What the exercise asks:
Restate the entries below in full, exactly as they read, but without pictures.

Data to use:

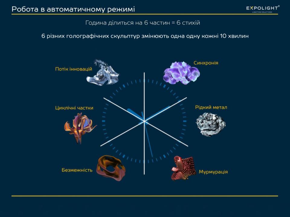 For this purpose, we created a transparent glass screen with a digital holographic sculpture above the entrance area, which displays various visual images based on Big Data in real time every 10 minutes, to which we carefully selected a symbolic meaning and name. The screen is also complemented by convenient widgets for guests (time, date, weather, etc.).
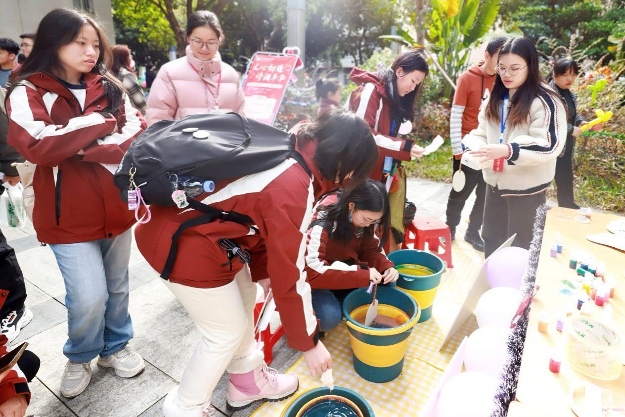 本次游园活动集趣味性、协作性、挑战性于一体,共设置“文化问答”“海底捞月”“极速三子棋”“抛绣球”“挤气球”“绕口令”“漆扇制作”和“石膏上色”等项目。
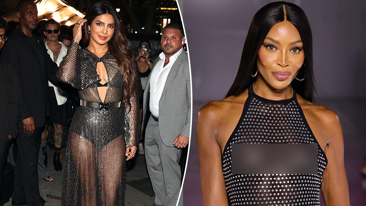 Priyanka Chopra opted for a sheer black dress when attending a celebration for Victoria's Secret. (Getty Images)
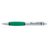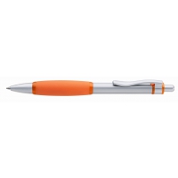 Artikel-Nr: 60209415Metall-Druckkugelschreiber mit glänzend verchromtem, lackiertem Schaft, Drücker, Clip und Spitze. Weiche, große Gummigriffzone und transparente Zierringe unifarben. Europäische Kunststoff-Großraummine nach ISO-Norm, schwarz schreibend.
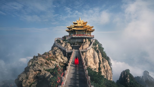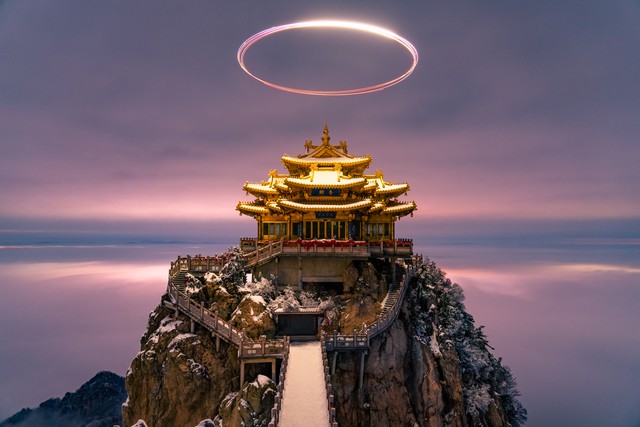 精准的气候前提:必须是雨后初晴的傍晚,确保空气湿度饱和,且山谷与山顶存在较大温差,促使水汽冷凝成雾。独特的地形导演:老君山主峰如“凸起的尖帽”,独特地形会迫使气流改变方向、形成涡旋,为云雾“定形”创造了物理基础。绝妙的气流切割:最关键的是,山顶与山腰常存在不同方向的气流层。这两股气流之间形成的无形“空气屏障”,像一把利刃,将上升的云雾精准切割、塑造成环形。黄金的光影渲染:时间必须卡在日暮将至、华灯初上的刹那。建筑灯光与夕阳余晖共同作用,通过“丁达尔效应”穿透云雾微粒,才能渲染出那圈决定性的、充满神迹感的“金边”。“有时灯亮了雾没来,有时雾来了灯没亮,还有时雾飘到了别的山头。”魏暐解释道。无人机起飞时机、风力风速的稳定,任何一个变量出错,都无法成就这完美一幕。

Solution to the problem:
 For this purpose, we created a transparent glass screen with a digital holographic sculpture above the entrance area, which displays various visual images based on Big Data in real time every 10 minutes, to which we carefully selected a symbolic meaning and name. The screen is also complemented by convenient widgets for guests (time, date, weather, etc.).
 本次游园活动集趣味性、协作性、挑战性于一体,共设置“文化问答”“海底捞月”“极速三子棋”“抛绣球”“挤气球”“绕口令”“漆扇制作”和“石膏上色”等项目。
 Priyanka Chopra opted for a sheer black dress when attending a celebration for Victoria's Secret. (Getty Images)
 Artikel-Nr: 60209415Metall-Druckkugelschreiber mit glänzend verchromtem, lackiertem Schaft, Drücker, Clip und Spitze. Weiche, große Gummigriffzone und transparente Zierringe unifarben. Europäische Kunststoff-Großraummine nach ISO-Norm, schwarz schreibend.
 精准的气候前提:必须是雨后初晴的傍晚,确保空气湿度饱和,且山谷与山顶存在较大温差,促使水汽冷凝成雾。独特的地形导演:老君山主峰如“凸起的尖帽”,独特地形会迫使气流改变方向、形成涡旋,为云雾“定形”创造了物理基础。绝妙的气流切割:最关键的是,山顶与山腰常存在不同方向的气流层。这两股气流之间形成的无形“空气屏障”,像一把利刃,将上升的云雾精准切割、塑造成环形。黄金的光影渲染:时间必须卡在日暮将至、华灯初上的刹那。建筑灯光与夕阳余晖共同作用,通过“丁达尔效应”穿透云雾微粒,才能渲染出那圈决定性的、充满神迹感的“金边”。“有时灯亮了雾没来,有时雾来了灯没亮,还有时雾飘到了别的山头。”魏暐解释道。无人机起飞时机、风力风速的稳定,任何一个变量出错,都无法成就这完美一幕。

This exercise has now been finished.